> TASK INSTRUCTIONS
Set the pictures aside and set down only the lines from the line holding "Rubber bands grouped" through the end of the entries below, ends included.

(Stored items)
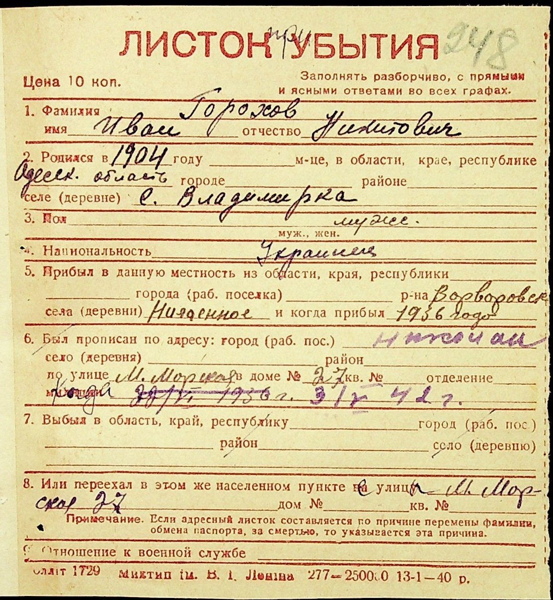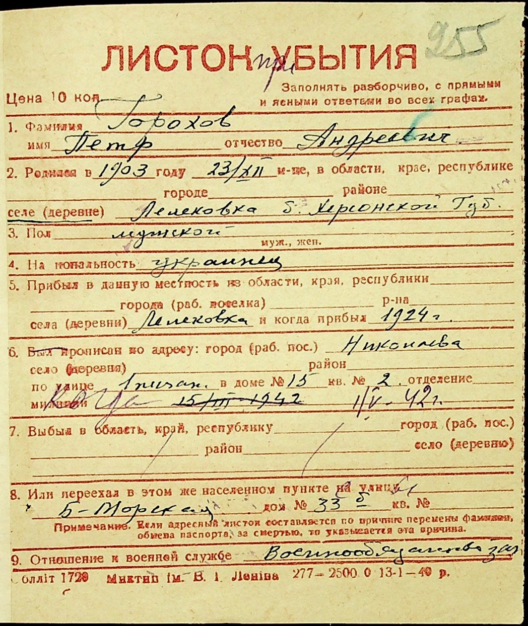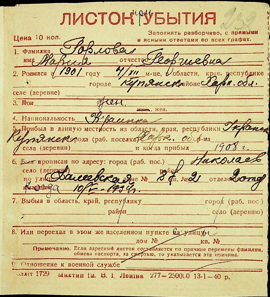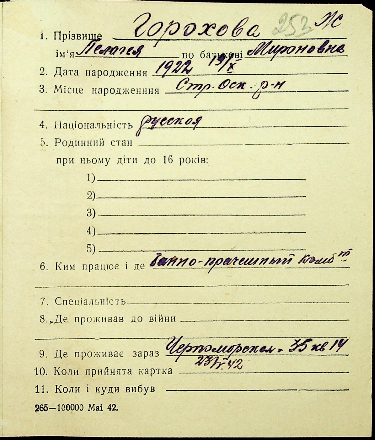 ◦ ◦ Фонд № Н-1016 “Адресне бюро м. Миколаєва”
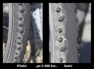 Zadní pneu sjeté už docela hodně, přední jen lehounce. Jejich výdrž mě dost překvapila. Přehodil jsem přední na zadní v cca 5400 km. Myslím, že dalších 5 tisíc ještě dají. Při přehazování jsem taky koukal, co je v nich (hlavně v zadním) nasekaných dírek a zářezů. Posledních cca 1000 km mám hodně defektů. Předtím 4000 km nic a teď téměř obden. Až na jeden případ je to pokaždý malý drátek cca 4mm (taková špona). Mám podezření, že jsem někde projel nějakou jejich hromadou a oni se mi teď postupně prokousávaj pláštěm. Moc se mi totiž nezdá, že bych měl takovou smůlu a každý dva dny najel na podobnej pitomej drátek. Budu muset pláště pořádně proklepnout, jestli tam ještě nějakej není (samozřejmě při píchnutí ho vždy prohlídnu a drát vytáhnu).- Brzdové špalíky zbroušené asi do poloviny (stále první originály Shimano XT)
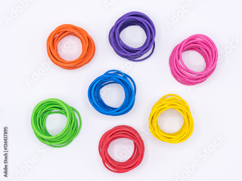 Rubber bands grouped by color on white background
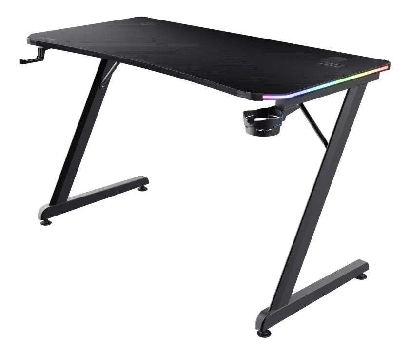 - Diseño: Mesa de escritorio para gaming con bordes biselados.
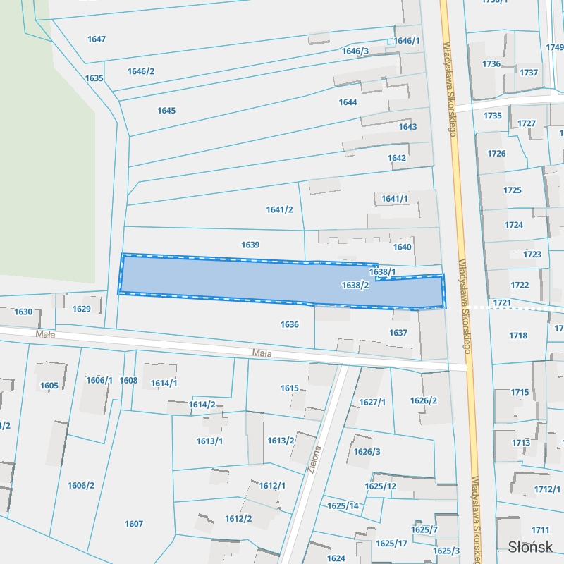 Wyszukaj działkęRyc. 1. Urząd Gminy Słońsk - przykładowy wyrys z Ewidencji Gruntów i Budynków na mapie satelitarnej.

> YOUR RESPONSE
 Rubber bands grouped by color on white background
 - Diseño: Mesa de escritorio para gaming con bordes biselados.
 Wyszukaj działkęRyc. 1. Urząd Gminy Słońsk - przykładowy wyrys z Ewidencji Gruntów i Budynków na mapie satelitarnej.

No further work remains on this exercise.